Hari ini ulangan biologi, ada baiknya aku belajar. Batinku, aku mencari buku biologi di dalam laci namun, tidak menemukan apapun. Cemas, mereka semua sibuk dengan urusan masing-masing. Tidak akan ada yang perduli, sama seperti waktu itu semester lalu.
"Fera, gua boleh pinjem buku Lu ga?" Tanya ku, berharap cemas semoga saja Fera dapat membantuku.
"Ngapain gua pinjemin orang kaya lu." Balasnya dengan sinis.
"Gua butuh banget nih, please." Pintaku, tatapan miliknya menjelaskan semua.
"Mata lu ga liat kalau gua pakai?"
pasti akan sama lagi, hanya Fera teman sebangku ku yang aku kenal lumayan dekat, mungkin.
"Kenapa? Buku lu ilang lagi?" Tanya Fera tiba-tiba, aku terkejut dengan pertanyaan yang datang segara tiba-tiba ini," iya."
"Mau pinjem buku gua?" Tanyanya, ia menyerahkan buku catatannya kepada Riella, "Lu, ga masalah? Bukannya pas awal-awal lu ngga mau?"
"Karena lu melas, gua suka ngeliat orang melas. Lu tuh, harusnya sadar diri aja sih, orang kaya lu ga pantas di sekolah kita. Bikin sakit mata, walaupun gua nggak mau ikut-ikutan hujat lu, cuman kayaknya bully lu, boleh juga," Jawabnya ringan, tidak ada perasaan bersalah sedikitpun dari Fera.
" Gua ga pernah ngusik lu," cicit ku pelan, Fera berdecih.
" Gak akan ada yang percaya sama cctv guru. Lu dengan tenang catat nama kita semua, biar poin kita sekelas di kurangin. Kalau Najwa ga nemuin catatan itu di buku lu, kami bakalan masih baik sama lu tapi, lu di kasih hati minta jantung. Ayo aduin aja sama guru BK, gua nggak takut."
Mata Fera menatapku dengan tajam, "Justru lu harus takut, di jauhin sekelas," ujarnya sengit.
Dengan satu tarikan napas, ingin rasanya aku membalasnya namun percuma juga, tidak akan ada yang perduli.
"Aku mau ke toilet dulu permisi."
Airmata ku turun begitu saja tanpa di minta saat aku menuju ke dalam toilet perempuan yang ada di sebrang kelas, tangis tanpa di minta perlahan muncul beriringan dengan isakan perlahan dari tangis yang aku redam mengunakan tangan kiriku.
SIALAN, aku malahan ngga tau apapun soal buku catatan itu tapi, percuma juga toh mereka sudah mengira aku adalah mata- mata kelas.
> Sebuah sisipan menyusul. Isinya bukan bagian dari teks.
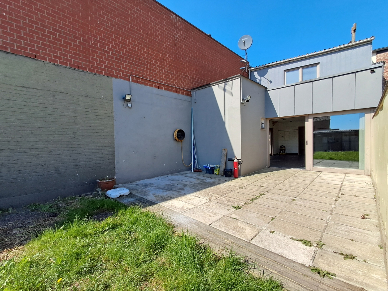 Anciennement exploitée comme pizzeria, elle dispose d'un espace commercial fonctionnel en rez-de-chaussée avec vitrine donnant sur la rue. Coin sanitaire, ainsi qu'une terrasse avec jardin.

Semua permasalahan ini bermula saat kami melakukan upacara penerimaan siswa baru dengan lantang pak Udin mengatakan bahwa di setiap kelas ada mata - mata yang siap mengintai untuk menertibkan sekolah agar disiplin
Dengan melakukan pengurangan point. upacara telah usai, di kelasku berisik tentang mata-mata kelas itu, sang CCTV guru ini.